The strange love in the title, I think, refers to the love of art (or "aesthetic life" in the postmodern sense), not homosexuality.
The film takes the New York contemporary art scene and the artist's life that began in the 1960s as the foreground, and the gay and equal rights movement as a faint background. The rise of contemporary art at the same time corresponds to the decentralization of elegant art to a wider "mass", and the lowering of the art threshold also corresponds to the aestheticization of life, and the blurring and demise of the boundary between life and art. So we see Ben and George pursuing absolutely serious and uncompromising art in the very everyday life scenes-regardless of the difficulty of Ben's painting by himself (though in the eyes of others, he is just a painting "favorite" who has never entered the institution. "), George still treats the yellow-haired girl who learns the piano with the attitude of treating the master's performance in the piano tutoring class.

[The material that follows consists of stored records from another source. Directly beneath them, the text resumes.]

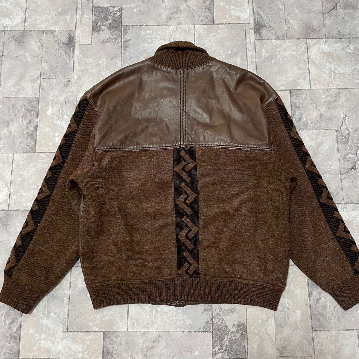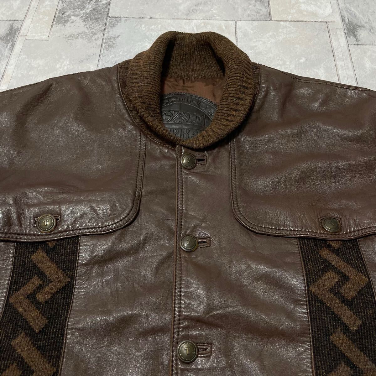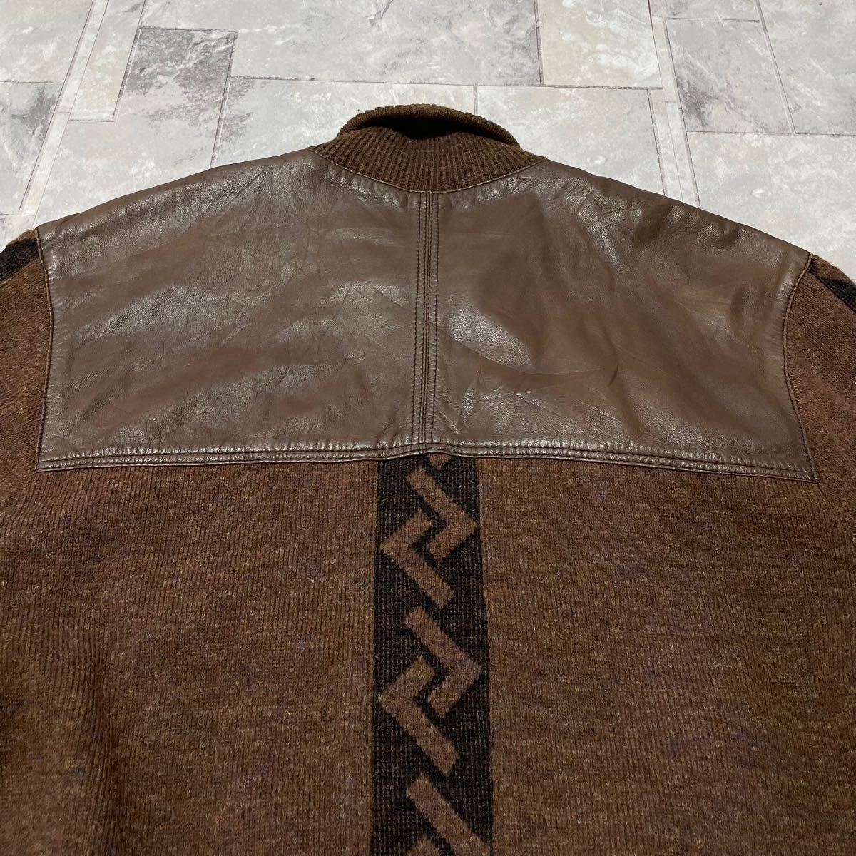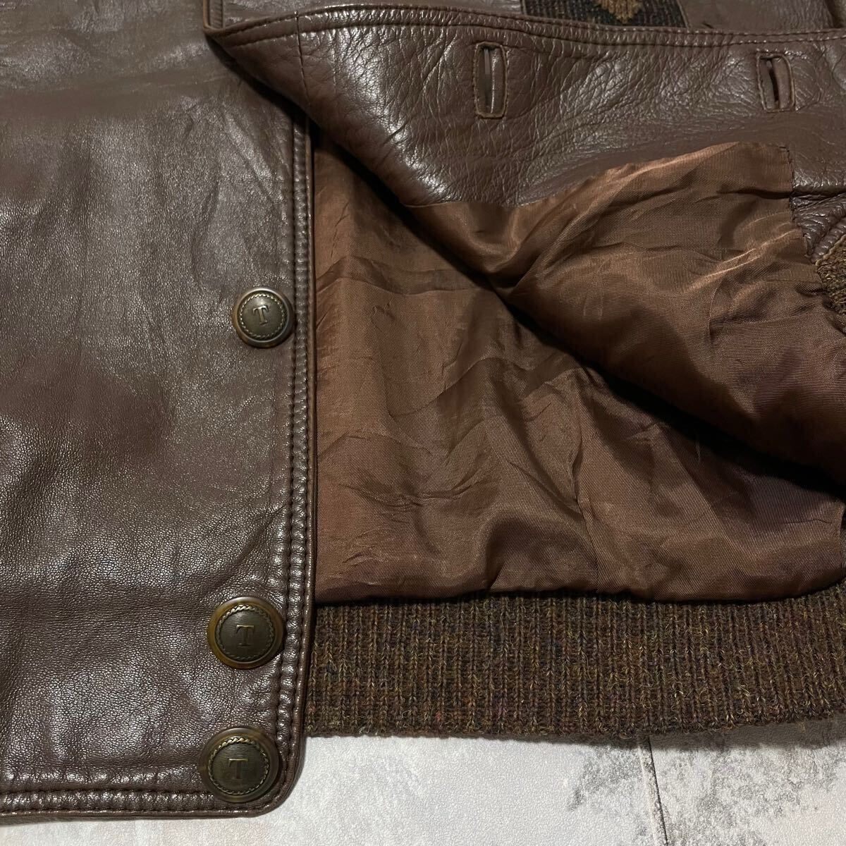 スペイン製 TORRAS トラス レザージャケット ニット 異素材切り替え ヴィンテージ オールド 高級 ブラウン サイズ52 L相当 玉SS2922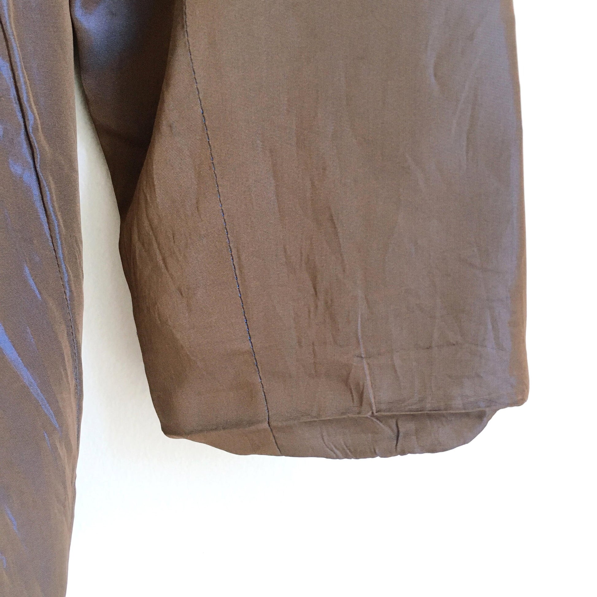 Item Description: The futuristic look of iridescent fabrics is making its way back into high end designer runway collections. Take for example the grey/orange Givenchy version in the sample image provided. Get the look for less with this original unisex vintage Burberrys of London brown/purple/orange version. 100% acetate Made in the USA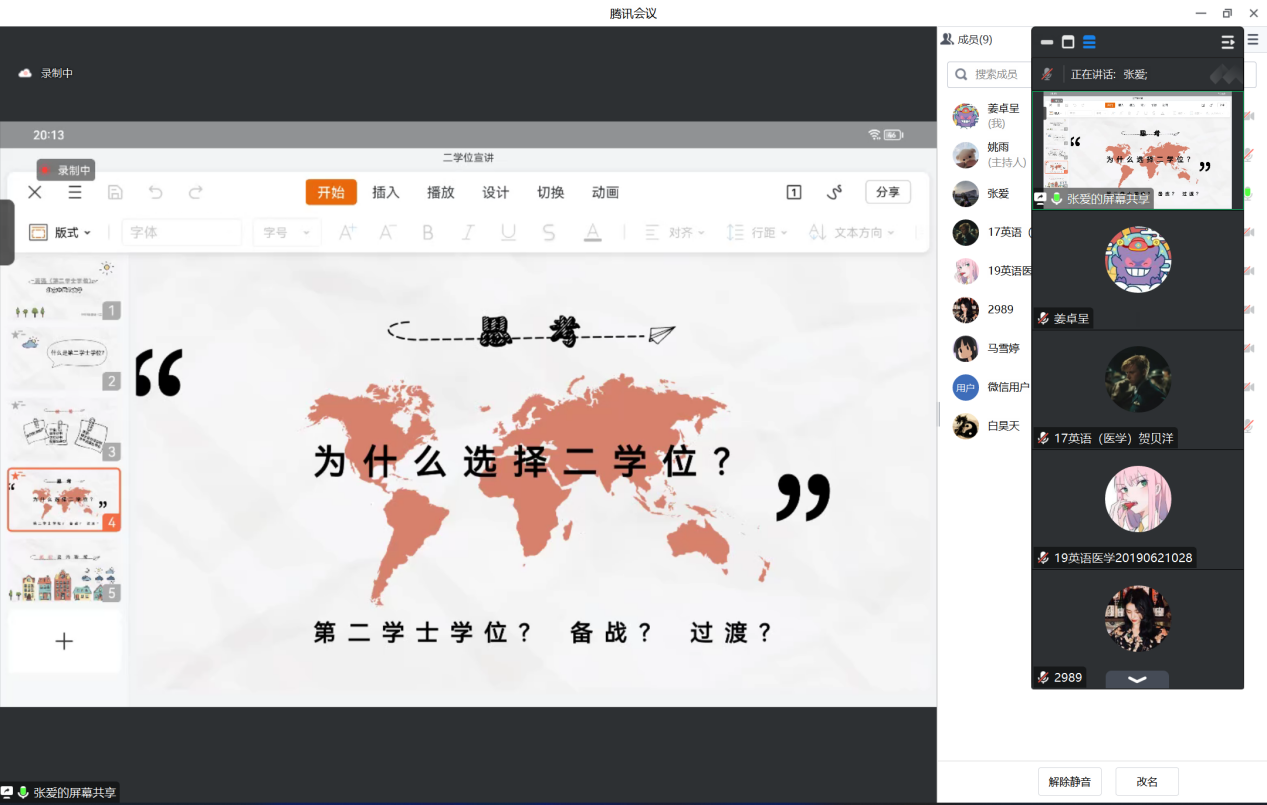 随后,张爱介绍了第二学位在学习氛围、费用和应届生身份方面的优势,并告诉大家要根据自己选择第二学位的原因,做出适合自己的选择,明确后续的安排。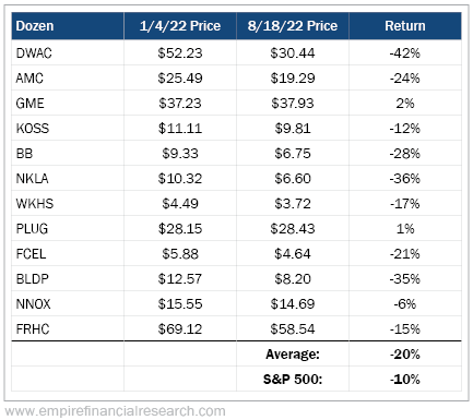 Now that BBBY has cratered, GME is back among my top three stocks to avoid, along with Digital World Acquisition (DWAC) and AMC Entertainment (AMC), as I outlined in my "Dirty Dozen" e-mail on January 4. Here's how that basket has (under)performed since then: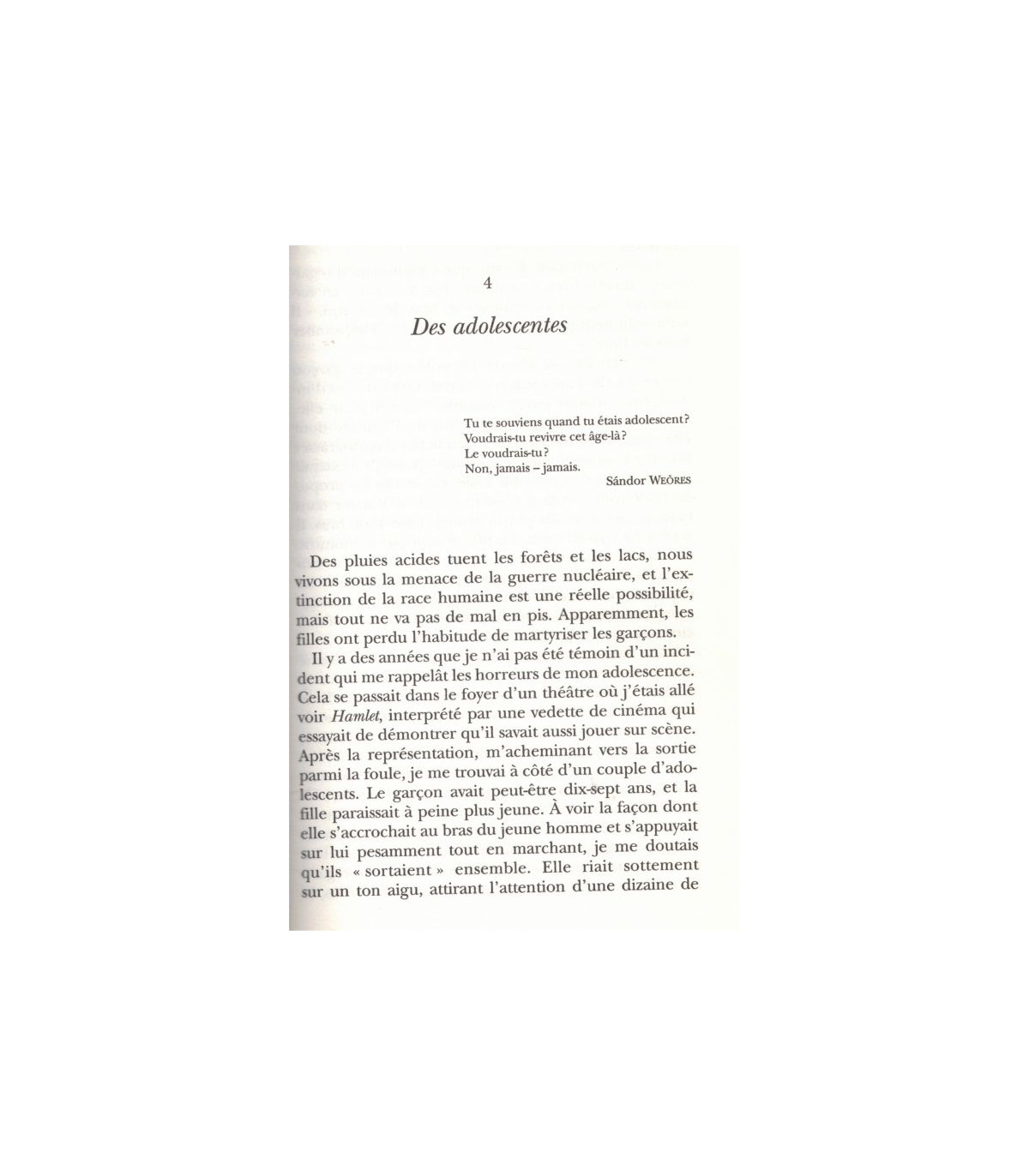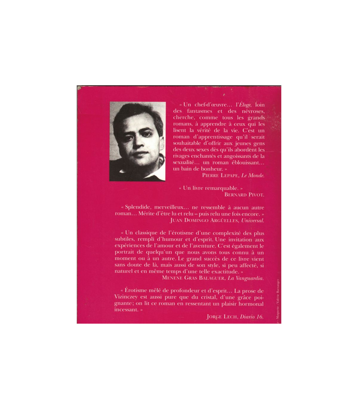 "Contexte érotique, jeux, frustrations, erreurs naïves, humiliations, gaieté et larmes du plaisir.. Vizinczey n'exagère jamais, il écrit avec un détachement qui ne manque pas d'ironie ; son style gracieux et évocateur nous libère de l'angoisse qui accompagne si souvent l'amour. Un petit chef-d'œuvre où le sexe et à la fois savoir et bonne littérature.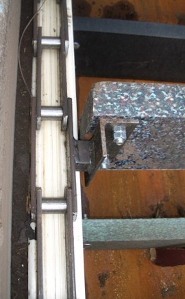 Les granulés de plastique eux-mêmes ne sont pas très abrasifs, mais les substances qui les accompagnent, telles que le sable et les résidus de sucre provenant des bouteilles en PET broyées, le sont généralement. Les chaînes rouillent, la corrosion par piqûres (pitting) dans l'articulation de la chaîne est responsable d'une usure indésirable de l'articulation, d'un allongement important de la chaîne et de problèmes au niveau de la roue dentée.

In addition, the intergenerational relationship of the main characters in the film is also quite interesting. The perseverance and downfall of the first generation of art life practitioners represented by Ben and George is more "sensible" and "reasonable" and "reasonable" compared to the second generation of practitioners Kate. The survival strategy of "professionalization", and the unformed artistic inclination and life attitude of the new generation of artistic teenager Joey suddenly emerged in the final stage of the film, and it became an end with a strong echo.
Will Joey become an idealist like Uncle Ben or a compromiser like his mother Kate? We have no way of knowing. We only know that as the adolescence is approaching, the time to make choices is not far away. Therefore, at the end of the film, we see Joey, a young man who loves French literature, is sensitive to a certain kind of sadness that originates from the depths of life and tears. The majestic sunset has immersed his under-age face-this seems to be a new generation of artistic youth. From now on, they will be entitled to enjoy the indulgence and ecstasy brought by art, and they will also endure the fragility and suffering of entrusting their lives to art for their entire lives.